Using a fully differential typology, the amplifier and mixer blocks suppresscommon-mode noise and non-ideal ground parasitics.

As an alternative to high-speed communication buses, terahertz frequencies may be an option for close point-to-point communications for Internet-of-Things (IoT) and machine-to-machine (M2M) communications—both between devices and within larger systems. When implementing terahertz technology, though, the extremely small wavelengths force researchers to develop complete integrated solutions on a single chip. To achieve a fully functioning terahertz transceiver on-chip, for example, a 250-nm indium-phosphide (InP) double-heterojunction-bipolar-transistor (DHBT) process with integrated local oscillators and mixers was used by researchers from Korea and the United States—Sooyeon Kim, Jongwon Yun, Daekeun Yoon, Moonil Kim, Jae-Sung Rieh, Miguel Urteaga, and Sanggeun Jeon.

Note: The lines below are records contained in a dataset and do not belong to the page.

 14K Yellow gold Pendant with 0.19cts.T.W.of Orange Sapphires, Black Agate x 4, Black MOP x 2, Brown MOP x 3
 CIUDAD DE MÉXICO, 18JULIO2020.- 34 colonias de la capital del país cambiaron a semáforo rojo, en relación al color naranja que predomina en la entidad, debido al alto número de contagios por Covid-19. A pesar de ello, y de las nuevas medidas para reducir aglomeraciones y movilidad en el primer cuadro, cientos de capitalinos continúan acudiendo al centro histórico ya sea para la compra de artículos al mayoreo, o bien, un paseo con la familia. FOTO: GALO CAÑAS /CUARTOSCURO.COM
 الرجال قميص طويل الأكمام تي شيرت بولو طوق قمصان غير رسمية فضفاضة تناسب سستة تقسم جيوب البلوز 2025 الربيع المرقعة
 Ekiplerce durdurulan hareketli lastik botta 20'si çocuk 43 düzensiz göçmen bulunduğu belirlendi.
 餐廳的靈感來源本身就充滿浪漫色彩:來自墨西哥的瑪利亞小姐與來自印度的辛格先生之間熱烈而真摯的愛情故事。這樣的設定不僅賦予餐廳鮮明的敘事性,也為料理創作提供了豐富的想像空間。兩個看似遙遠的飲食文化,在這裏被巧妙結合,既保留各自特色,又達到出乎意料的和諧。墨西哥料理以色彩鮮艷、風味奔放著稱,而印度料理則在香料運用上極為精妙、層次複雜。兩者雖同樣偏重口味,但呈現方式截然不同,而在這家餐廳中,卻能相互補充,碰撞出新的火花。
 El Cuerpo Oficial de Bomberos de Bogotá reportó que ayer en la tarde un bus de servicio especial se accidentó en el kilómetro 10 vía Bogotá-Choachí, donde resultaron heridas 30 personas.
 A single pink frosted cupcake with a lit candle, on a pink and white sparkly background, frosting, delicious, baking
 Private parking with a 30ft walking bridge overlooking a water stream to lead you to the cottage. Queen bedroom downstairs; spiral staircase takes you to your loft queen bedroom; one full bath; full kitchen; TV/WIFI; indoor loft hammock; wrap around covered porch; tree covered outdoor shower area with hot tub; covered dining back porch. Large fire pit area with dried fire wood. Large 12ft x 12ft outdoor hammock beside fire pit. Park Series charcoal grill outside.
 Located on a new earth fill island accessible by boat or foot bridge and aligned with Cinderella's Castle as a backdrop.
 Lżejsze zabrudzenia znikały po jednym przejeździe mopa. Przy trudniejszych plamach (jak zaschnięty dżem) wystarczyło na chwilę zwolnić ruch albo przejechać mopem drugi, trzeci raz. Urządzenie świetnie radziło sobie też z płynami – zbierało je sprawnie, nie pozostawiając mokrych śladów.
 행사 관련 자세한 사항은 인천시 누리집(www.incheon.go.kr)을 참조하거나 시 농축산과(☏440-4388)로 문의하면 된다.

To fabricate such a device, the researchers needed to build the local oscillators (LOs) and mixers on-chip and with the same technology. Because they operate in the fundamental mode on the same chip, the LOs and mixers reduce the chip area and direct-current (DC) consumption. They also improve the RF performance characteristics of the transceiver. For its part, the RF amplifier typology includes a five-stage differential amplifier chain with input and output matching networks. It comprises five common-base HBT pairs cascaded with 32- μm intervals.

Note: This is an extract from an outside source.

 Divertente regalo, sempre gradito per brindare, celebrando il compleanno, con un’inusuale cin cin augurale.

The receiver has a noise figure of 12.0 to 16.3 dB with an intermediate frequency of 1.1 to 7.7 GHz, 3-dB bandwidth of 20 GHz, and a peak conversion gain of 26 dB at 298 GHz. With comparable performance to the receiver, the transmitter exhibits a conversion gain of 25 dB at 298 GHz, a 3-dB bandwidth of 18 GHz, and output power of -2.3 dBm. Both the transmitter and receiver operate with a combined DC power consumption of less than 1 W. See “300 GHz Integrated Heterodyne Receiver and Transmitter With On-Chip Fundamental Local Oscillator and Mixers,” IEEE Transactions on Terahertz Science and Technology, Jan. 2015, p. 92-101.